A distinct behavior of the labor cost and machine depreciation cost with respect to the selected machining variables has been observed in Fig. 13. It can be seen that the increase in I, Pon and DC speed up the material removal process due to the intensive energy supplied to the machining zone. This intensive energy minimizes the overall machining time and ultimately reduces the labor hours and machine operating time; hence, labor cost and machine depreciation costs are decreased. However, the increase in SG supplies less energy to the electrode and workpiece interface region; therefore, machining time increases to remove the specific amount of material. This increased machining time also raises the labor and machine depreciation costs. Comparative analysis of the electrode materials depicts that copper electrode reduces the labor cost (80.12 PKR) and machine depreciation cost (99.3 PKR) than brass electrode (129.4 and 160.4 PKR, respectively), as shown in Fig. 13. This decrease in cost is mainly attributed to the reduction in machining time owing to the better supply of energy to the machining zone. The improved supply of energy is mainly due to the better electrical and thermal conductivity of copper compared to brass electrode.

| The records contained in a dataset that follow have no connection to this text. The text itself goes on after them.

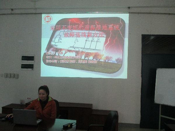 第一个做报告的是李超博士,他介绍了激磁式光学电流互感器磁与温度耦合特性理解及研究,他以清晰的思路结合形象的图形说明向同学们讲解了周围环境温度变化对光学玻璃电流传感头及传感光路上温度分布的影响情况;接下来的是卢文成同学所分析的新型拓扑结构是关于磁共振无线电传输系统方面的报告;紧接的许晔、苏晓艺和董钊分别向大家介绍了采用不变矩的谐振接地系统故障选线新方法、光学电流互感器的设计和并网型太阳能光伏发电系统的研究。五位同学独到的见解和细心的科研态度赢得了在场师生的一致好评。
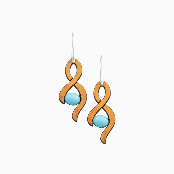 Ohrringe aus Olivenholz "Wellenspiel - türkis" Nr. 052.939
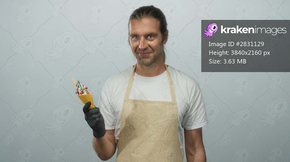 Long hair blond man wearing apron holds icecream cone in black glove in light grey studio setting; anticipation sweetness delight.
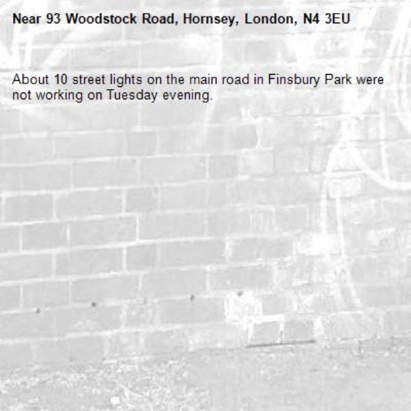 About 10 street lights on the main road in Finsbury Park were not working on Tuesday evening.
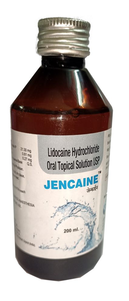 JENCAINE contains Lidocaine HCl which is a local anesthetic agent and is administered topically. Lidocaine is indicated for the production of topical anesthesia of irritated or inflamed mucous membranes of the mouth and pharynx. It is also useful for reducing gagging during the taking of X-ray pictures and dental impressions.

Environmental impact analysis

Machining processes consume a significant amount of energy, which, in turn, supplies a considerable amount of carbon footprints for the environment³⁴. In order to evaluate the carbon emissions generated from EC, it is necessary to calculate the carbon emission factor. For this reason, the power production in Pakistan comes from different sources (including hydro, natural gas, coal, furnace oil, nuclear and renewables), and their contributions to the total power production are provided in Table 6. The standard values of carbon emissions of each source are considered to compute the carbon emission factor of energy production in Pakistan. The carbon emission factor from Pakistan’s power production has been determined as 0.242 kgCO₂ eq./kWh, and it was used to assess the carbon emissions resulting from the EC during each experiment. Moreover, dielectric fluid and EW consumption also result in an environmental burden. Therefore, the volume of the dielectric fluid was measured after each experiment, and the carbon emissions from the consumption/evaporation of dielectric fluid were determined using the carbon emission factor of the kerosene oil, as shown in Table 7. Carbon emissions of each experiment for both copper and brass electrodes have been computed by considering EW and material removed/machined (2 mm across the length) to attain the fresh face for each experiment. The carbon emission factors for copper and brass electrodes are provided in Table 7.

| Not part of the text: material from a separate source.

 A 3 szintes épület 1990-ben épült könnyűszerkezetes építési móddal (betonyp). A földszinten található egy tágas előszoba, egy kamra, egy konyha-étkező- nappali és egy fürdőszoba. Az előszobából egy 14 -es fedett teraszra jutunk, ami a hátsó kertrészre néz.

A mean effects analysis was conducted to examine the impact of various machining variables on carbon emissions resulting from EC. Figure 14 illustrates that increasing the levels of I, Pon, and DC leads to higher carbon emissions from EC. This is primarily due to increased electrical energy consumption at higher energy levels than the above-mentioned parameters. However, the increase in SG decreases the carbon emissions due to reduced energy supply to the machining zone. A relative analysis of electrode materials shows that carbon emissions from EC due to the usage of the brass electrode (13.72 g CO₂) are higher than that of the copper electrode (9.80 g CO₂), as shown in Fig. 14. Higher electrical and thermal conductivity of copper enables more energy-efficient sparking than that of brass. This directly translates to lower electricity consumption and reduced carbon footprint from EC. Figure 15 depicts the mean effects of the machining variables on the carbon emissions produced from the dielectric fluid (kerosene oil) consumption. Another observation reveals that the heightened levels of I, Pon, and DC result in the delivery of intense energy to the machining zone, leading to the evaporation of dielectric fluid. This evaporation process directly contributes to carbon emissions being released into the environment. Conversely, an increase in SG provides a lesser amount of energy to the machining zone, resulting in the evaporation of a lower volume of dielectric fluid and ultimately reducing carbon emissions. A comparative analysis of electrode materials demonstrates that the brass electrode results in lower carbon emissions (32.33 g CO₂) due to the consumption of dielectric fluid as compared to the copper electrode (54.58 g CO₂), as depicted in Fig. 15. It is because of higher electrical and thermal conductivities of copper than brass electrode which cause intense sparking and generate higher temperatures at the machining zone. This higher temperature vaporizes the dielectric fluid from the interface region; hence, carbon emissions due to dielectric fluid consumption are higher in the case of copper electrode.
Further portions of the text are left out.